As editor, Maria Chapman wrote much of the content (prose, essays, poetry) herself and pressed her sisters for material. She also solicited contributions from authors such as Lydia Maria Child, Eliza Cabot Follen, Wendell Phillips, Henry Wadsworth Longfellow, James Russell Lowell, Lucretia Mott William Lloyd Garrison and Harriet Martineau, among them many of the leading abolitionist, or abolitionist sympathizing writers of New England.

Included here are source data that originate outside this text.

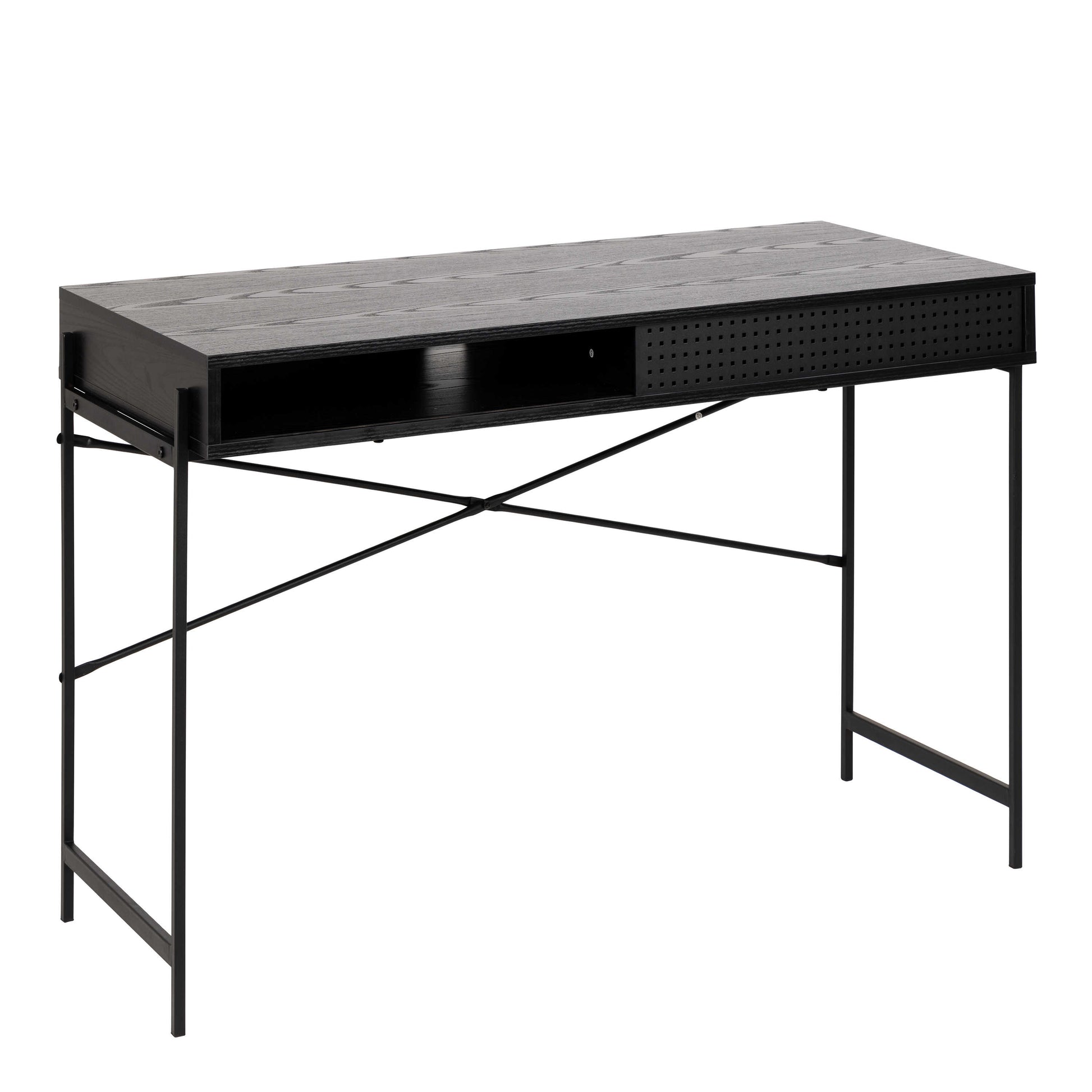 This black desk brings a calm modern presence with clean lines and a black ash look that feels confident without being heavy. The design keeps things light and intentional, making it an easy fit for workspaces that favour clarity and balance. Its simple form adds character while staying understated, helping the room feel organised and focused.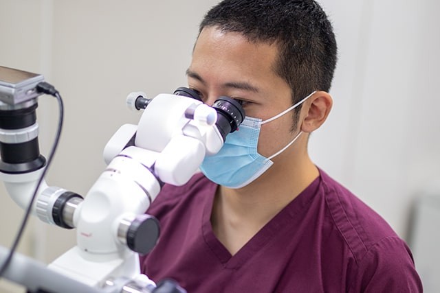 こちらの医院では、忙しい方向けの「短期集中治療」や、寝ている間に処置が終わる「睡眠無痛治療」に対応しています。「歯を残す」ことにこだわり、日本歯周病学会の専門医・指導医や日本顕微鏡歯科学会認定医である院長が治療に対応。全ての治療においてマイクロスコープ等を使用する「高倍率治療100%」を実践し、削る量を最小限に抑える精密な処置が特色です。
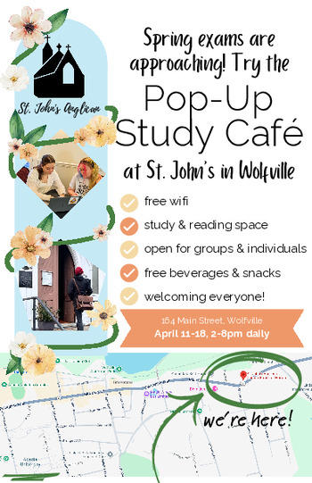 Hey students!! It's exam time - and we at St. John’s Anglican Church have got a space for you. Come by the church for free beverages and snacks.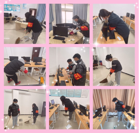 为了提高同学们的劳动积极性,2021年12月16日中午12:30,红旗学习社五位入党积极分子在党总支组织委员姜迎春同志的带领下在图书信息大楼A904、A906教室开展了劳动实践活动。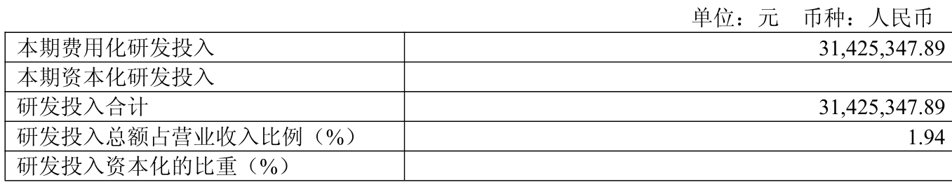 2025年全年,公司研发投入金额为3142.53万元,同比增长2.02%;研发投入占营业收入比例为1.94%,相比上年同期上升0.02个百分点。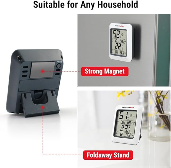 - Healthier Home: Thermometer hygrometer with temperature and humidity monitor ensures proper indoor humidity control has important skin, allergen and other health benefits

Chapman, in 1848, commented:

The purpose of this little annual volume, commenced in 1839, and now published for the ninth time, is, the promotion of the cause through the promulgation of its principles in an attractive form....Hence it is that no mere indifferent literati, however intellectually gifted, nor any known enemies of the cause or of its advocates, have ever been permitted to occupy these pages?

Her efforts at soliciting wider afield were successful as well, the Liberty Bell twice published works by Elizabeth Barrett Browning. The Runaway Slave at Pilgrim's Point was published in December 1847 for the 1848 edition, and A Curse for a Nation in December 1855 for the 1856 edition. Both of these works were later published in England as slightly different versions.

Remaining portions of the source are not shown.